В квартире стоял мрачный сосредоточенный холод, который подвинуть было нечем. Поэтому решили сесть на кухне. Во-первых, там был живой газовый огонек, который позволял как-то прогреть помещение. Кухня было маленькая, и хоть немного взбодрить старика Цельсия было возможно — это уже во-вторых. Телевизор и проигрыватель винила — а именно этим ограничивался наш набор того, что много лет спустя будет называться мультимедией, находился в других комнатах. Перетащить это добро на кухню было нелегко по причине его громоздкости и окоченелости рук. Нелегко, но возможно. Однако с легким сердцем мы от этого отказались. Потому что, телевизор смотрелся нами крайне редко, а проще сказать не смотрелся вовсе, а проигрыватель был продвинутый и имел функцию автоповтора. Включив его погромче в комнате, мы надеялись создать в кухне праздничную атмосферу. Правда больше надеялись на разные припасенные к празднику напитки, которые по счастью можно было пить охлажденными.
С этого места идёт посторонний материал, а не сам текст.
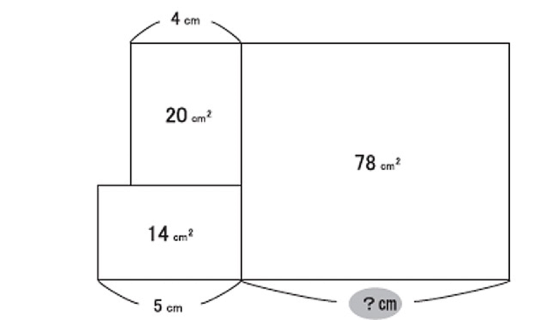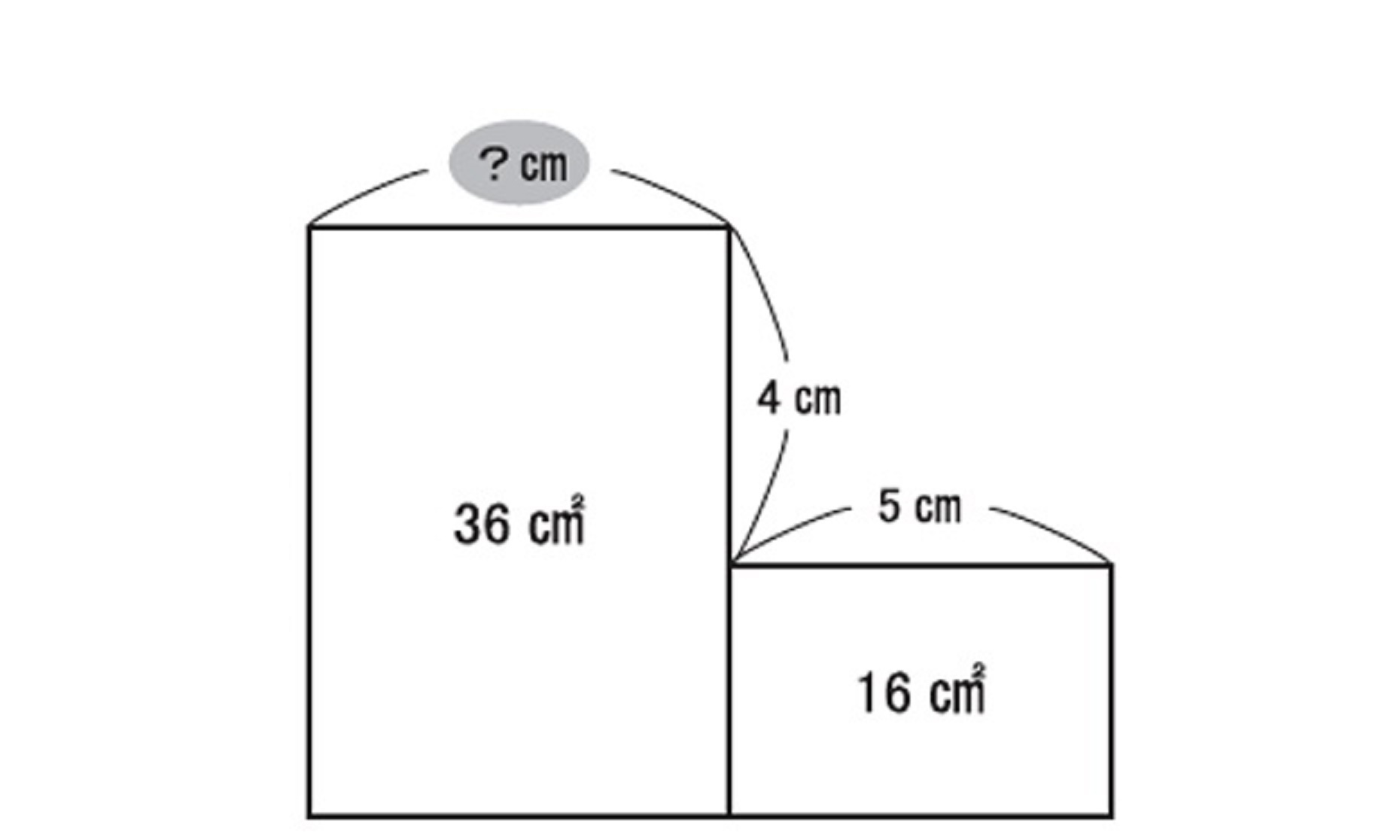 Tổng diện tích của A và hình chữ nhật bên dưới là 20 + 16 = 36 cm2 và bằng diện tích hình chữ nhật lớn bên trái.

В принципе праздник удался. Для романтики свет на кухни не включали. Колеблющегося голубого свечение четырех газовых горелок да льющейся сквозь окно отраженной от свежего снега луна было вполне достаточно. Возле маленького столика сгрудись три тепло одетые фигуры — в ту зиму раздеваться, приходя домой, было не принято. Понемногу теплело. Хорошо пилось и замечательно закусывалось. Медленно пьянелось, и тихая беседа в полутемном склепе приобретала самые неожиданные направления. Саму точку перехода из одного года в следующий в итоге пропустили, да и не было жалкого того.
Несколько часов продолжалось это странное празднование, которое совсем на празднование не походило. Но зато было почти не холодно, а душе было и вовсе тепло и хорошо. И все эти несколько часов в комнате на автоповторе играла одна и та же пластинка — Иоганес Брамс «Венгерские танцы». С тех пор Брамс — один из моих самых любимых композиторов. Любовь моя, правда, ограничивается только венгерскими танцами. Ведь музыку, которую слушал, когда был счастлив, будешь любить всегда.